In this paper the term frequency and document frequency TFIDF are combined as the feature weighting scheme, which is based on the idea that if a feature appears many times in a document, that feature must have more weight. A feature that appears in many documents is not important since it is not very useful to distinguish different documents. Therefore, it should have a lower weight. The impact of clustering quality on dimensions is determined using purity values. Dimensions are reduced using LSI based on *k *singular values. The original matrix of each cluster generated by K-Means algorithm is reduced to the k number of dimensions determined by the singular values of the original document term matrix. For experimental evaluation, the dimensions were increased from 50, 100, 150, 200, 250, and 300.

The algorithm is repeated for at least about 50 iterations. Results show that the purity values increase for lower dimensions and degrade as the dimensions increases. Table 3 shows the purity values for the document set under different dimensions. Also, it indicates that for a given range of dimensionality from 50 to 100, the purity value is high for the proposed hybrid algorithm and degrades with increase in dimensions.

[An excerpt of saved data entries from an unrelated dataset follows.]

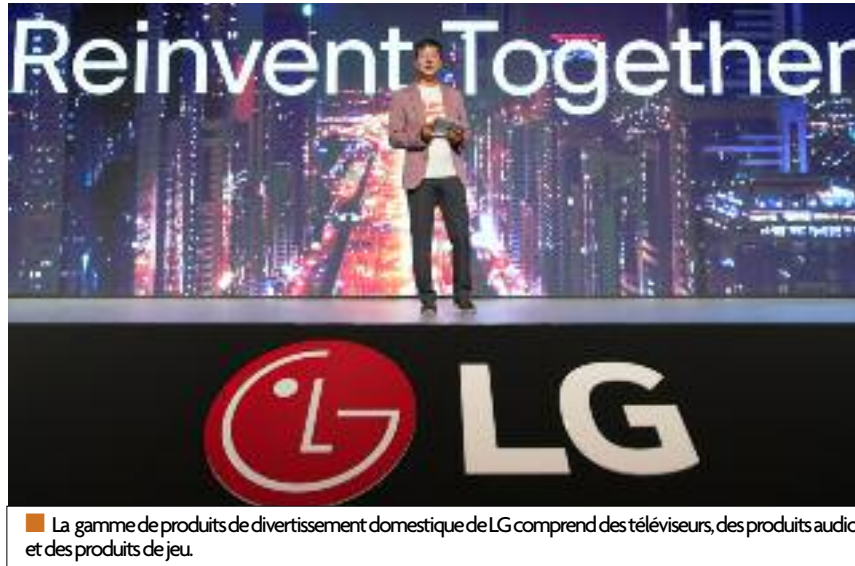
La gamme de produits de divertissement domestique de LG comprend des téléviseurs, des produits audio et des produits de jeu.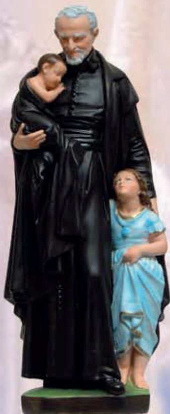
ART. 1244 - H cm 40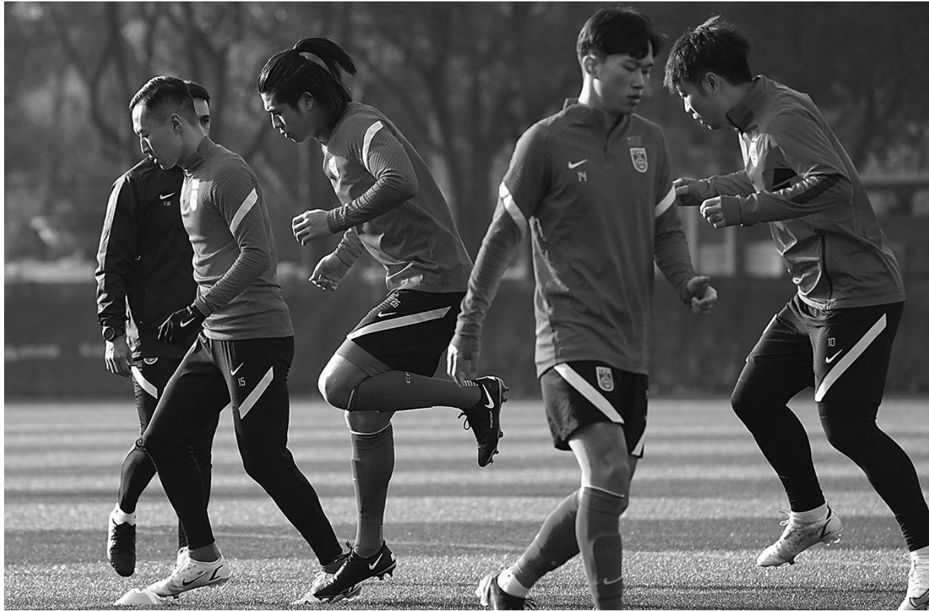
国足球员在进行训练。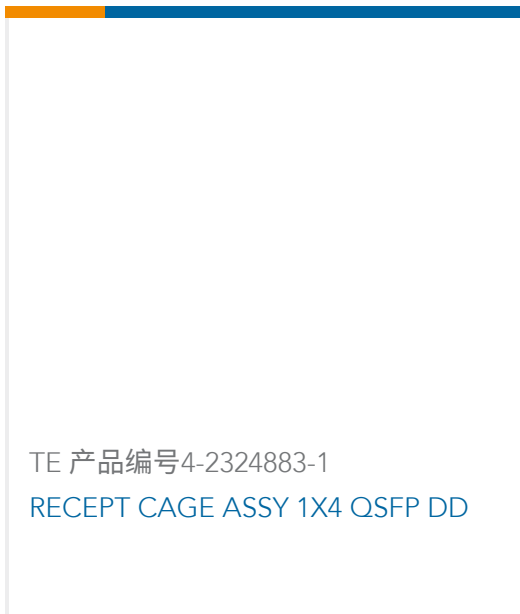
TE 产品编号4-2324883-1 RECEPT CAGE ASSY 1X4 QSFP DD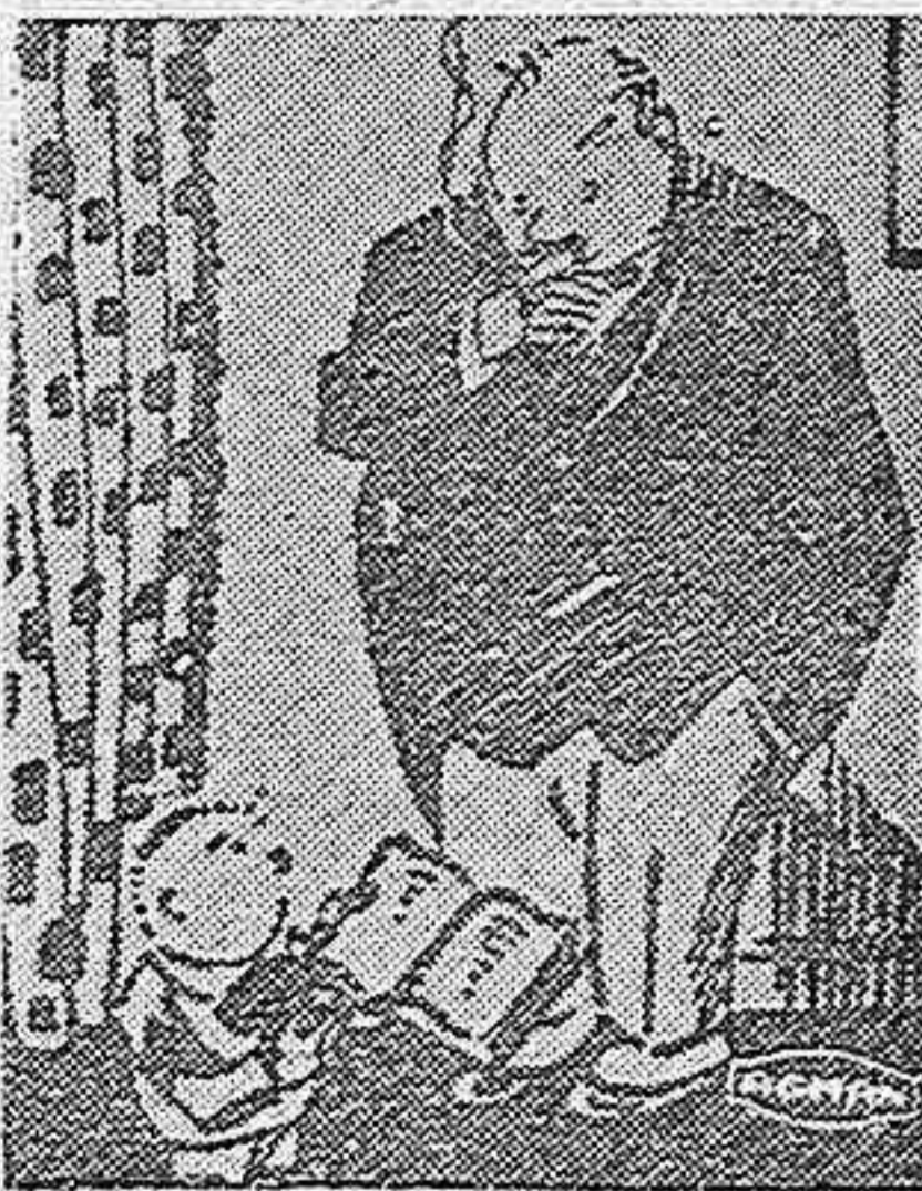
EN LA ZONA ROJA

HORIZONTALES: 1. Pueblo de esta provincia de Palencia. 4. Papagayo que da gritos agudos y desagradables. 5. Avenir bien una persona con otra. 7. Ciudad de Francia a orillas del Mediterráneo. 8. Pequeño valle. 9. Renacuajo de Guatemala. VERTICALES: 1. Pueblo también de esta provincia de Palencia. 2. Divinidad pagana griega. 3. Plato vistoso de dulces que forman un conjunto elevado. 4. Armadura del pecho. 6. División interior de ciertas frutas. 8. Hembra de mamífero rumiante.

The execution time of the proposed MapReduce based hybrid algorithm is statistically compared with the centralized hybrid algorithm as in Figure 5. In this paper Hadoop Distributed File System (HDFS) is primarily used for distributed storage while executing MapReduce algorithms. This enables automatic data distribution and assists in distributed storage of intermediate and final results. Eventually, it overcomes communication overhead and makes parallel execution of task a lot faster than ever. Basically, the centralized hybrid algorithm is based on Local File System (LFS). The impact of execution time on the performance of the proposed clustering algorithm is evaluated by comparing the execution time of HDFS based algorithm to LFS based algorithm. Figure 5 shows that the execution time consumed by Hadoop based hybrid algorithm is reduced when compared to centralized LFS based algorithm.

Thus a scalable hybrid PKMeansLSI algorithm is proposed using MapReduce distributed methodology to overcome the inefficiency of clustering for large datasets. It’s indicated that the hybrid PKMeansLSI algorithm can be successfully parallelized with the MapReduce methodology running on commodity hardware. Most centralized clustering algorithms suffer from scalability problem with increase in dataset size, and are computationally expensive. Due to these aforementioned reasons, the distributed computation of data clustering algorithm is paramount in order to deal with large scale data. In order to develop a good distributed clustering algorithm that takes big data into consideration, it is mandatory for an algorithm to be efficient, scalable and must generate high quality clusters.

**CONCLUSION**

In this paper an efficient hybrid distributed document clustering algorithm based on MapReduce methodology is proposed. This algorithm is based on K-Means algorithm that uses PSO generated centroids which shows improvement in quality as the purity values are increased .The execution time of the proposed clustering algorithm is decreased since the dimensionality is reduced based on LSI (Latent Semantic Indexing) technique. Hadoop MapReduce frame work is used for distributed processing which shows improvement in speedup and clustering quality. This research work finds application in areas of document summarization, digital libraries, information retrieval, scientific analysis etc.

**CONFLICT OF INTEREST**

The authors have not declared any conflict of interest.